Purpose is defined as a sense of knowing that your life has meaning, importance, and value. Living and knowing your purpose in life mean that you believe your life, your work, and your contribution (will) make a positive impact on the life of others. Living with purpose means you are committed to serving society in a positive way. 

A life with a purpose (and passion) is a life well-lived. Take David Davey for example. Dave, then 12-years-old, was struck with polio during the epidemic of the 1940s. (At the time, polio was known by the dread name of Infantile Paralysis.) He was fortunate he survived but the disease took away the strength of his legs. He was confined to the wheelchair for the rest of his life. 

Nevertheless, he saw past the wheelchair – and his disability and was determined to lead a pretty normal life. Thanks to his mother’s persistence, he was allowed to complete his junior and senior years at a regular high school. (He had attended a special school for handicapped children.) He became a member of the Honor Society and was elected president of his senior class. He later went to Wayne State University (WSU) to study Accounting (as it was an accepted belief that occupants of wheelchairs, with a college education, would want to make a living as an accountant) but later switched his major to Business Administration.

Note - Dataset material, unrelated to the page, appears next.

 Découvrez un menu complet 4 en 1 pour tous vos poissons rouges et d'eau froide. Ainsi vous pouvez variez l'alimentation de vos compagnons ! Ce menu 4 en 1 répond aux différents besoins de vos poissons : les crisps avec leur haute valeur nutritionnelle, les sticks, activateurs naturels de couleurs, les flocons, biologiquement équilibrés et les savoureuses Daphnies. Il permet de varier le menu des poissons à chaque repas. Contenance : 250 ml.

Inspired by his conversation with a roommate who also happened to be a polio survivor, Dave recognized his purpose in life: to improve the health and wellbeing of people with disabilities. He and his roommate would often discuss services and equipment they would like to see available to wheelchair users and shared dreams about making a difference in “their” world. They both believed God has spared them and put them together at WSU for a reason, which was to encourage each other to fulfill God’s purpose in their lives. They were confident that God would give them the ability to help people receive the tools to allow them to succeed. 

Dave believed it was his destiny to make life easier for individuals with handicaps and help them obtain opportunities to make a decent living. He knew this was only possible if they could obtain jobs they were capable of doing. He felt God would help him to educate the public that people with handicaps should also have the same opportunity. He was convinced that God wanted him to make a difference by developing rehabilitation programs to deal with the real needs of the differently-abled. 

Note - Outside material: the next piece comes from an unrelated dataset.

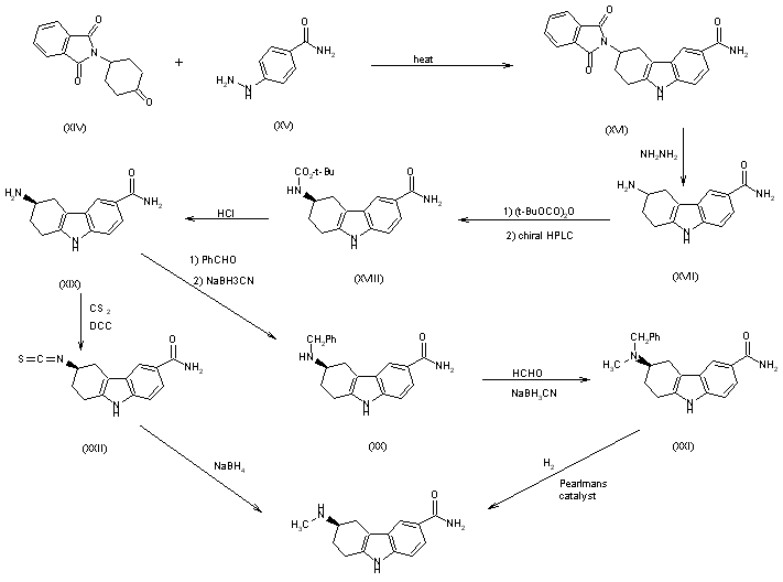 5) The cyclization of 4-phthalimidocyclohexanone (XIV) with 4-hydrazinobenzamide (XV) in relfuxing acetic acid gives 3-phthalimido-1,2,3,4-tetrahydro-9H-carbazole-6-carboxamide (XVI), which is treated with hydrazine in methanol yielding 3-amino-1,2,3,4-tetrahydro-9H-carbazole-6-carboxamide (XVII) as a racemic mixture. Reaction of (XVII) with di-tert-butyl dicarbonate gives the corresponding carbamate that is resolved by chiral HPLC in hexane/ethanol to give (XVIII). The hydrolysis of (XVIII) with HCl in dioxane affords the enantiomerically pure (R)-amine (XIX) (1-3). The reductoalkylation of (XIX) with benzaldehyde and NaBH3CN yields the corresponding benzylamine (XX), which is methylated with formaldehyde and NaBH3CN to the N-benzyl-N-methylamine (XXI). Finally, this compound is debenzylated by hydrogenation as usual. 6) The monomethylation of (XIX) can also be performed by its reaction with carbon disulfide and dicyclohexylcarbodiimide (DCC) in pyridine to give the expected isothiocyanato (XXII), which is finally reduced with NaBH4 in ethanol.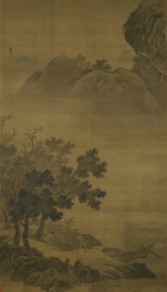 Curator: Look at this magnificent landscape hanging before us; it's a Chinese ink painting titled "Listening to the Waterfall," dating back to approximately 1450, artist unknown. What are your first thoughts? Editor: A certain stillness pervades. The muted palette and soft lines create a sense of quiet contemplation. It feels very removed from the bustle of daily life. Curator: The anonymous artist truly captured a sense of hermetic tranquility. Waterfalls in Chinese painting are often visual metaphors for the Dao, a symbol of ceaseless transformation. It reminds one of our constant need to self reflect through contemplation. Editor: I agree, the presence of the waterfall as a source of spiritual metaphor is undeniable. Water motifs recur across time, often serving the ideological functions demanded of painting in a given period. In this piece I imagine that is part of its cultural draw. Curator: Indeed, the Daoist concept of living in harmony with nature is very important. The human figure seems purposefully diminished in scale in relation to the natural landscape. Editor: It’s interesting to think about the intended audience and context of such works. I wonder where this was hung, or under what circumstances it was originally viewed. What messages of power might it subtly be reinforcing? Or was it purely for aesthetic enjoyment, this feeling of closeness to nature? Curator: Perhaps it’s not so binary. Paintings like this could function on multiple levels; both reaffirming social values, but providing the mental space for individuals, especially elites, to imagine alternative modes of being. Either way it holds such a profound quality and meditative power that it has affected generation after generation. Editor: A duality of both, yes. Its survival, and display, speaks to an enduring desire. Curator: It makes one wonder how this particular painting survived. So much is now lost forever. It stands today, reminding us that our existence is so miniscule when looked at from a geologic perspective. Editor: Its survival serves as an encouragement to the pursuit and contemplation of visual artifacts as echoes from history, across a bridge of signs and aesthetics.

Dave spent the rest of his life fulfilling that purpose. He was concerned for anyone whose life circumstances prevent them from working a conventional job and living a normal life. In doing so, he made a difference in the lives of most people. 

I share Dave’s story to illustrate an example of living a life with purpose and demonstrate the good a life with purpose could do to an imperfect world. A life with a purpose is indeed a life well-lived. 

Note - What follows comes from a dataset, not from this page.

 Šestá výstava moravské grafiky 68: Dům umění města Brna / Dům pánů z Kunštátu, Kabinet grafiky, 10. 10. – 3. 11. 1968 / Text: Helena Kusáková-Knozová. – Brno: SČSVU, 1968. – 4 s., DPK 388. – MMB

Knowing your purpose in life creates a sense of meaning in your life. You know what your gifts are, what you need to do, and how you can contribute to your community. When you know your purpose in life, you’ll find it easier to focus on what matters the most in your life. You’ll be able to find your direction and stay away from distractions. You’ll also become more confident because you know that you’re here in this life for a reason and that your contribution to society counts. 

By knowing your purpose in life, you’ll also achieve a sense of place or belonging in your environment or community that you benefit from connecting with. It’s easier to know where you belong when you know and live your purpose in life. You know what good you could do to the community you belong to. Living and knowing your purpose in life is the heart of service. Service is the path to become meaningful to your community. 

Above all, knowing your purpose in life allows you to have a much greater impact on society. Your purpose allows you to have the most profound impact but only if you actually live it. Find your purpose today and help contribute to a better society.